Massenträgheit und Reibung

Hallo nochmal,

Da war eine Info, dass die max Last auf der Hinterachse nur
das Gesamtgewicht sein kann. Super Ansatz.

Das ist ein Extremfall der im Allgemeinen nicht stimmt, weil die Beschleunigung schon lange vorher ihr Maximum erreicht hat.

a max = (Lo – L1) / h x g

Ich weiß nicht wie du darauf gekommen bist, aber ich glaub nicht, dass das stimmt. Hier steckt ja nicht einmal die Abhängigkeit vom Haftkoeffizienten drin. Und im nachhinein einfach dranmultiplizieren is nicht.

Was hast du gegen meinen Ansatz?

Gruß
Oliver

Hallo nochmal,

Da war eine Info, dass die max Last auf der Hinterachse nur
das Gesamtgewicht sein kann. Super Ansatz.

Das ist ein Extremfall der im Allgemeinen nicht stimmt, weil
die Beschleunigung schon lange vorher ihr Maximum erreicht
hat.

Da gehe ich voll mit, aber das ist halt auch eine Grenze

a max = (Lo – L1) / h x g

Ich weiß nicht wie du darauf gekommen bist, aber ich glaub
nicht, dass das stimmt. Hier steckt ja nicht einmal die
Abhängigkeit vom Haftkoeffizienten drin. Und im nachhinein
einfach dranmultiplizieren is nicht.

Diese Gleichung zeigt welches amax unabhängig von der Reibung möglich ist. Bei höheren Beschleunigungen überschlägt sich das Fahrzeug nach hinten.

Was hast du gegen meinen Ansatz?

Deine Angaben, Ableitung muß ich mir nochmal ansehen und detailiert an Hand eines Beispiels durchrechnen. Ich glaub wir gehen von verschiednen Randbedingungen aus. Wenn ich einen Erklärungsansatz habe melde ich mich mich nochmal.

Gruß KED

Hier ist wiedermal der Punkt erreicht, wo eine vernünftige
Diskussion über eine physikalische Frage in Krümelsuchen und
Rechthaberei müdet.

Wenn man eine Lücke in Deiner Argumentation findet ist das also Krümelkacke und Rechthaberei?

Höchste Zeit sich aus der Diskussion zu
verabschieden, zumal das eigentliche Problem schon gelöst
wurde.

Und wo wurde es gelöst?

Für den normalen Fahrbetrieb (Auto hebt nicht ab) stimmt sie
auf jeden Fall!

Und woher willst Du wissen, daß die maximale Beschleunigung (nach der im Eingangsposting gefragt wurde) im normnalen Fahrbetrieb auftritt?

Da war eine Info, dass die max Last auf der Hinterachse nur
das Gesamtgewicht sein kann.

Und ich habe darauf hingewiesen, daß die Last auf die Hinterachse größer als das Gesamtgewicht wird, wenn die Vorderräder vom Boden abheben. Da dieser Fall im Eigangsposting nicht ausgeschlossen wurde, muß er bei der Beantwortung der Frage berücksichtigt werden.

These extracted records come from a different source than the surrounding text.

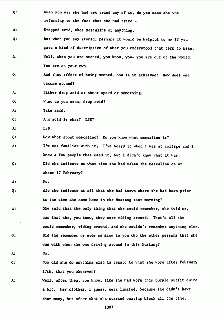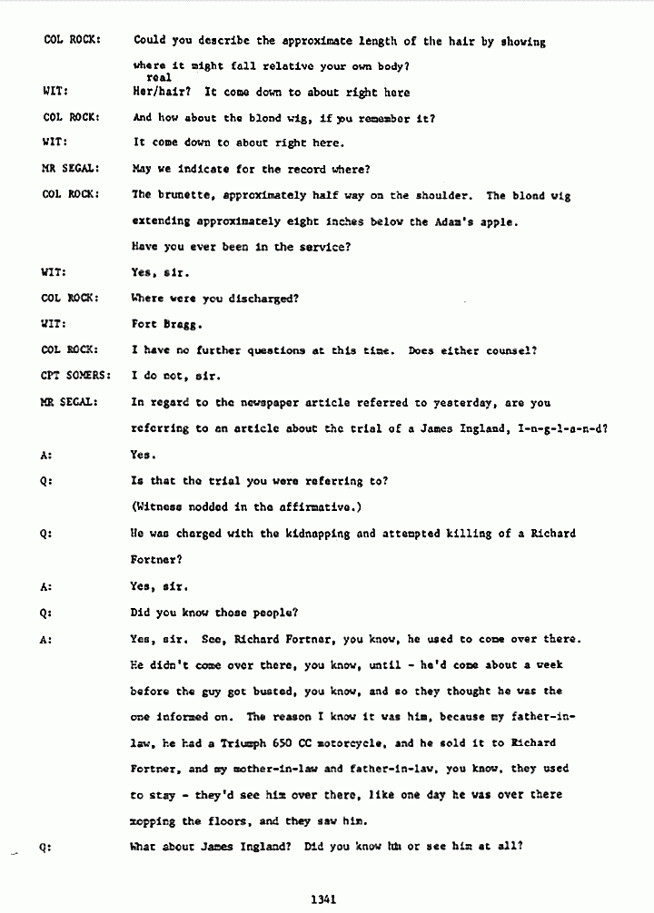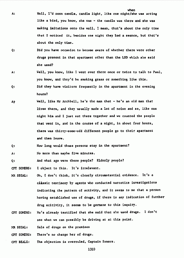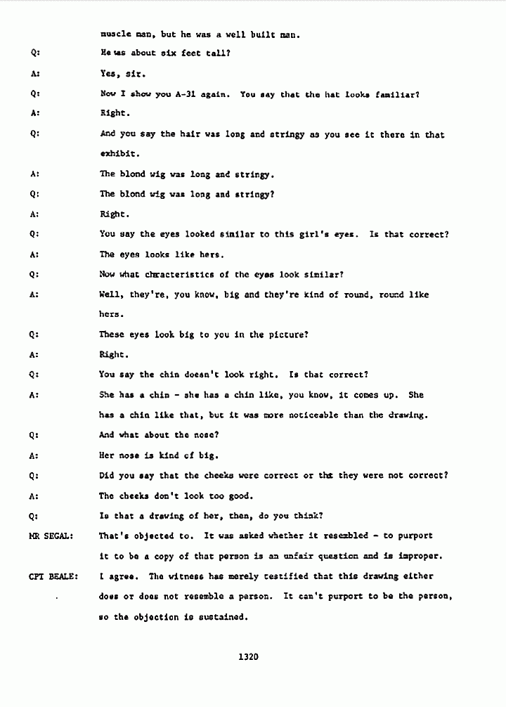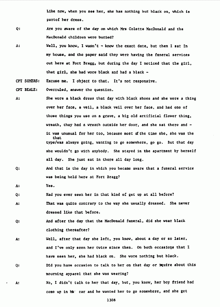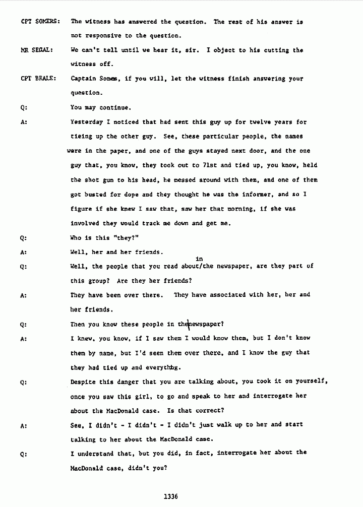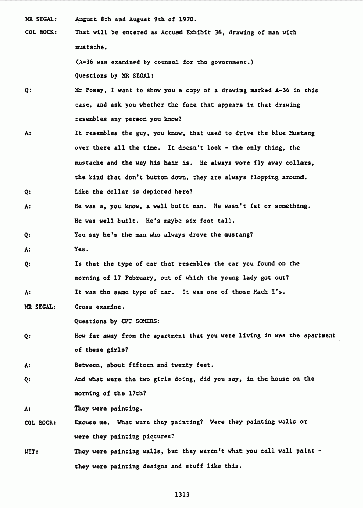 MR. SEGAL: Secondly, sir, in regard to the testimony of Doctor Sadoff yesterday, and the forthcoming examination that is being planned for Captain MacDonald at Walter Reed Hospital, it has occurred to us that it would be useful and desirable and very frequently the practice, to have Doctor Sadoff's testimony available, to include his conclusions, findings and observations, for the psychiatrists in Washington. For that reason, I would ask that perhaps you might direct the out-of-order transcription of just Doctor Sadoff's testimony so that could be available and sent forward to the authorities in Washington. My own experience in this matter has always been that psychiatrists like to have the observations of other doctors, because it gives them another vantage point to make comparisons, and I think that's certainly the -- I think that they would want to know there'd been an independent examination, so they might review their own findings in regard to what doctor saw him at a different time and place and a different situation.
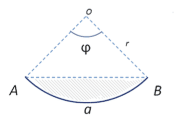 $$\varphi = 2arcsin\left(\frac{a}{2r}\right)$$
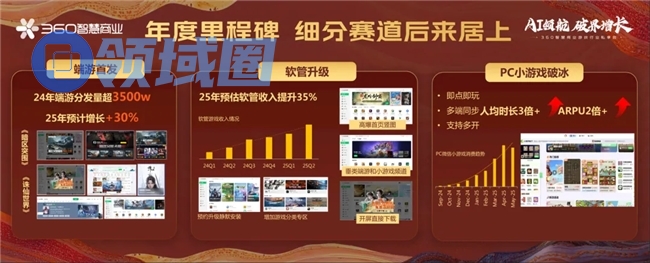 稳固根基,拓展安全业务;积极探索,解锁全新增量。通过在存量市场中的精耕细作以及在PC小游戏等创新场景中的增量空间探索,360智慧商业将更全面助攻游戏行业增长,立足于360集团20年的深厚积淀,携手合作伙伴共拓新机。
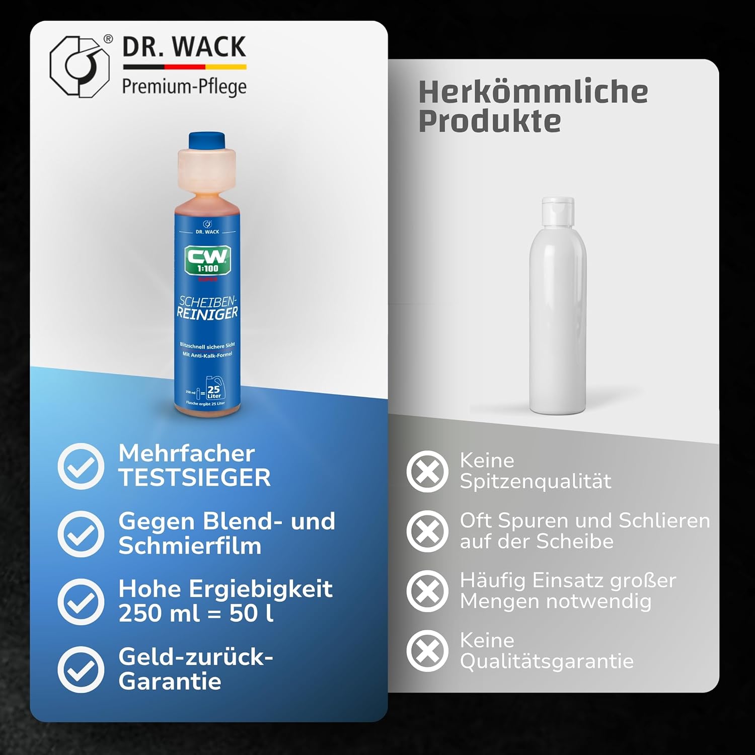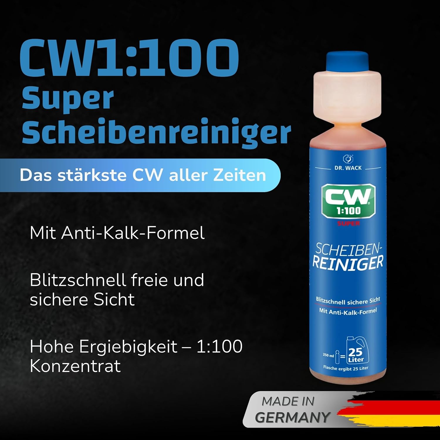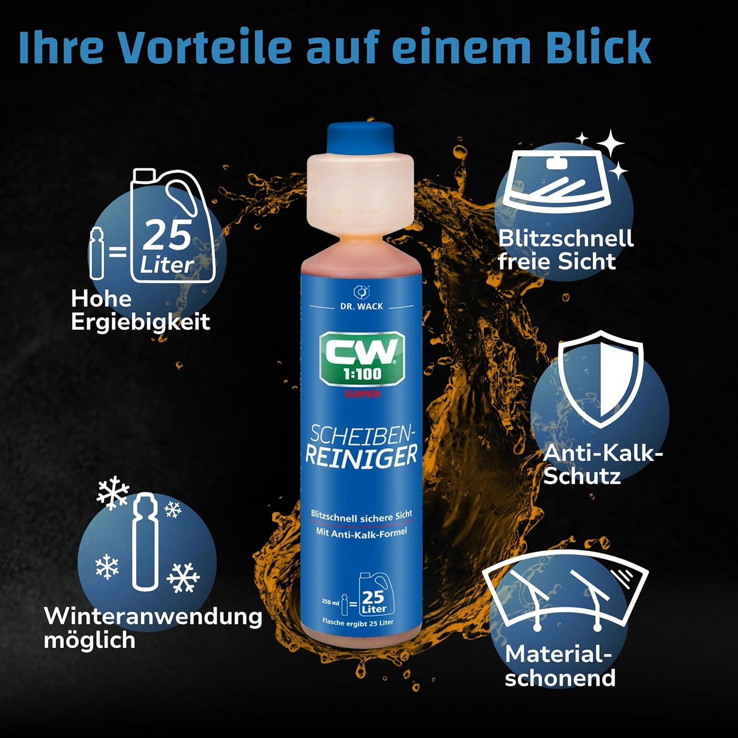 DR. WACK - CW1:100 Супер почистващ препарат за предно стъкло 250 мл - Концентрат с формула против котлен камък - Почистващ препарат за фарове и чистачки за предно стъкло - Висок капацитет за 25 л течност - Висококачествена грижа за автомобила
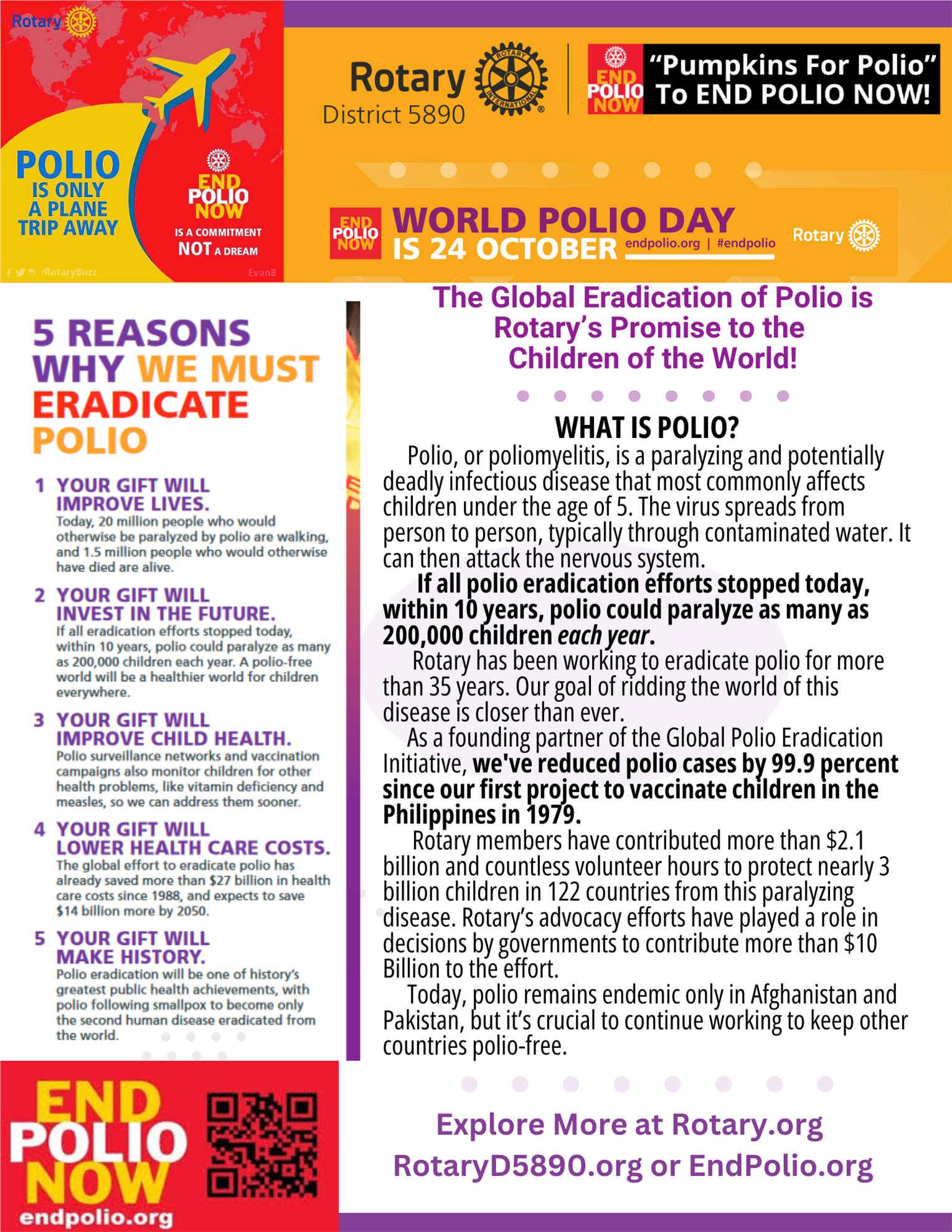 CLICK HERE to visit Rotary's World Polio Day Resource Center with ideas and material to plan and promote your club event. There are videos, materials, banners & posters, Infographics, event materials, press releases, Instagram and Facebook materials, and more!
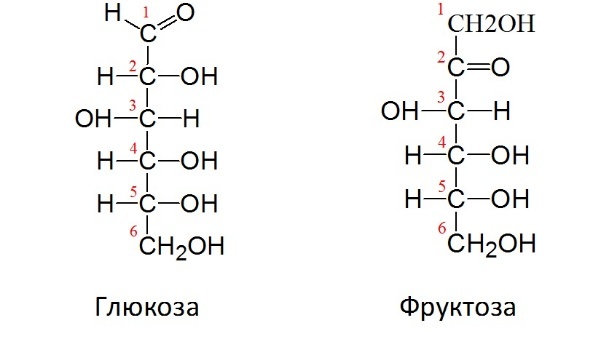 Моносахариды, в структуре которых находится альдегидная группа (Н-С=О), называют альдозами, моносахариды, включающие кето-группу (С=О), называют кетозами. Примером таких моносахаридов являются глюкоза (альдоза) и фруктоза (кетоза):
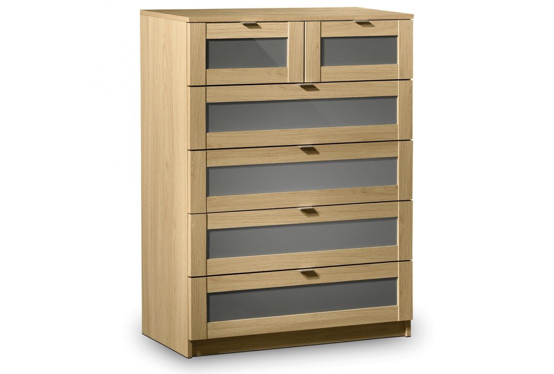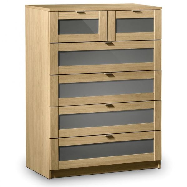 Strada is a chic, contemporary bedroom collection which combines a stylish light oak finish with attractive smoked high gloss inserts to stunning effect. Strada complements most bedframe styles from metal and wood to fabric for a softer look. Outstanding value for money.
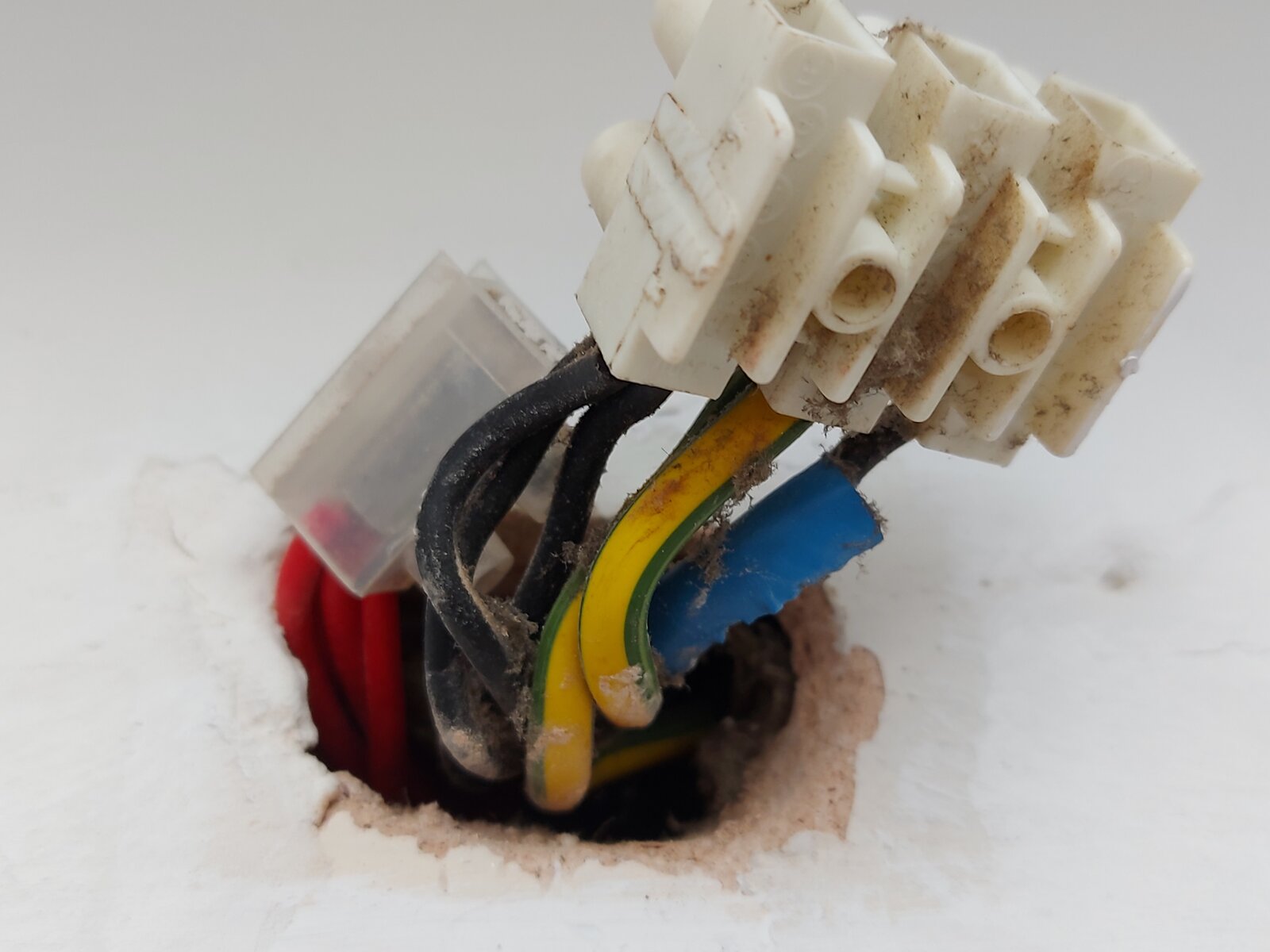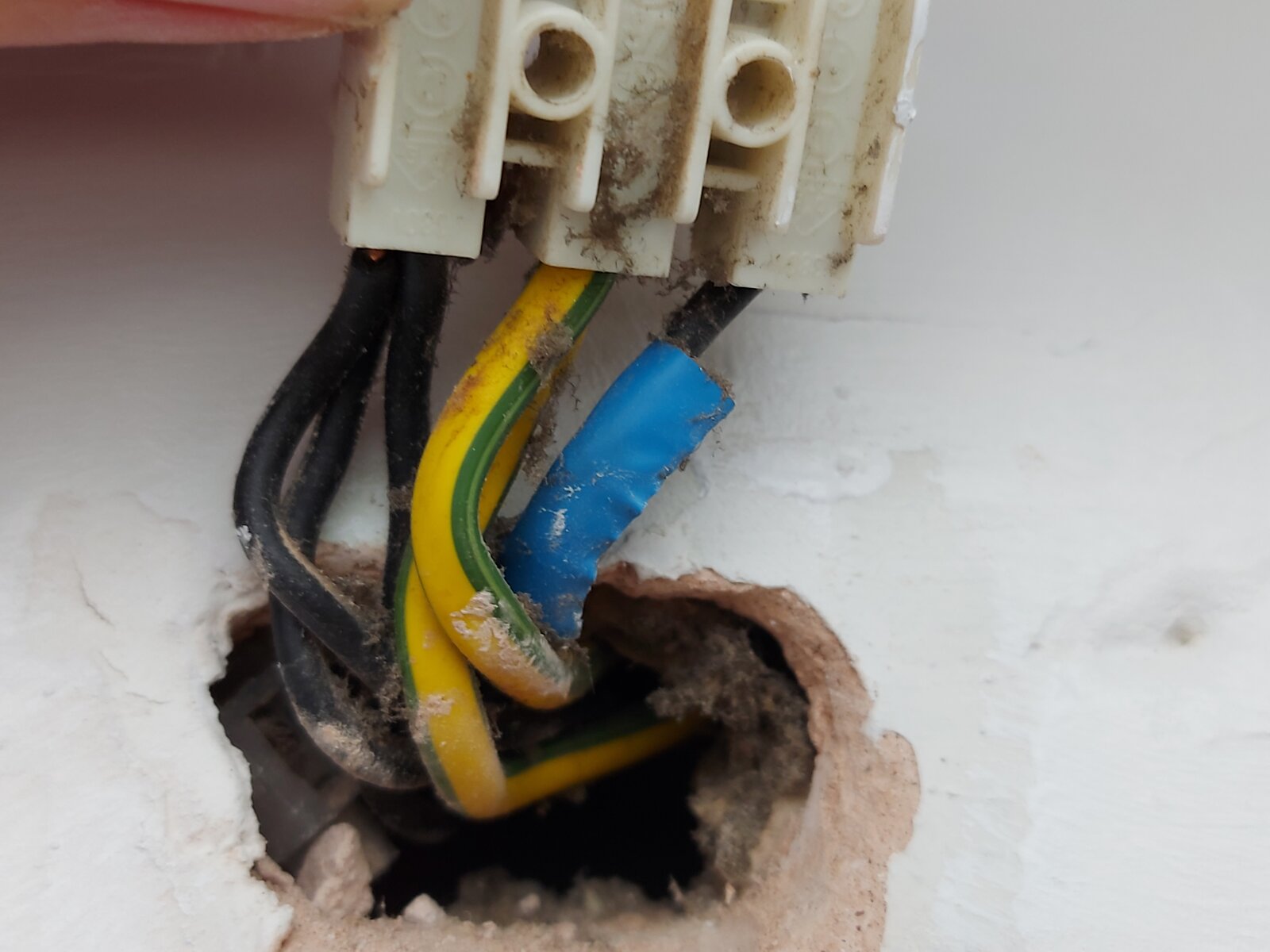 So I've taken off the old bathroom spotlight which was connected to the black, blue & earth wires. That's the first image. The red wires in a block were tucked away in the wall and not connected. That's the second image.
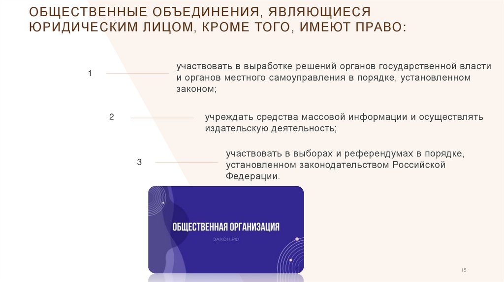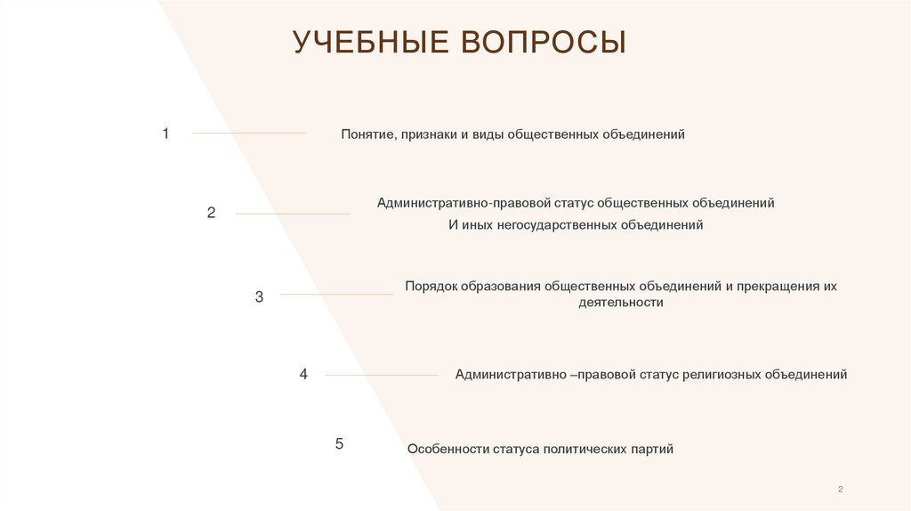 УЧЕБНЫЕ ВОПРОСЫПонятие, признаки и виды общественных объединений
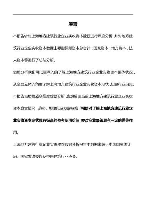 不久前,最新文档《2018版上海地方建筑行业企业实收资本数据分析报告》全文正式在本站发布,感兴趣的用户可以下载阅读。 声明:本站所有文章,如无特殊说明或标注,均为本站原创发布。任何个人或组织,在未征得本站同意时,禁止复制、盗用、采集、发布本站内容到任何网站、书籍等各类媒体平台。如若本站内容侵犯了原著者的合法权益,可联系我们进行处理。

Und woher willst Du wissen, daß die maximale Beschleunigung
(nach der im Eingangsposting gefragt wurde) im normnalen
Fahrbetrieb auftritt?

Ich hab noch nie gesehen, dass ein Auto durch zu starkes Beschleunigen zum Überschlag gebracht werden konnte; auch ist mir kein Fall bekannt wo das passiert ist.
Wenn das ginge, dann stell dir doch mal eine Situation in einer Fahrschule bei der ersten Fahrt vor:
„So, Handbremse lösen, den ersten Gang einlegen und diesmal Kupplung gaaaaaaaanz langsam kommen lassen… sonst liegen wir wieder auf dem Dach!“

Naja, bei Motorrädern kann das ja passieren, aber bei Autos ganz sicher nicht.
Davon abgesehen, weißt du doch auch nicht, ob im Falle eines Überschlages die Vorwärtsbeschleuning auch wirklich größer wird.
So what?!

Ich hab noch nie gesehen, dass ein Auto durch zu starkes
Beschleunigen zum Überschlag gebracht werden konnte; auch ist
mir kein Fall bekannt wo das passiert ist.

Bei Beschleunigungsrennen passiert das häufig. Um das zu verhindern werden am Heck Ausleger angebracht, die dafür sorgen, daß die Hinterräder den Kontakt zum Boden verlieren, wenn die Vorderräder abheben.

Davon abgesehen, weißt du doch auch nicht, ob im Falle eines
Überschlages die Vorwärtsbeschleuning auch wirklich größer
wird.
So what?!

Und Du weißt nicht, daß es nicht so ist. So what?!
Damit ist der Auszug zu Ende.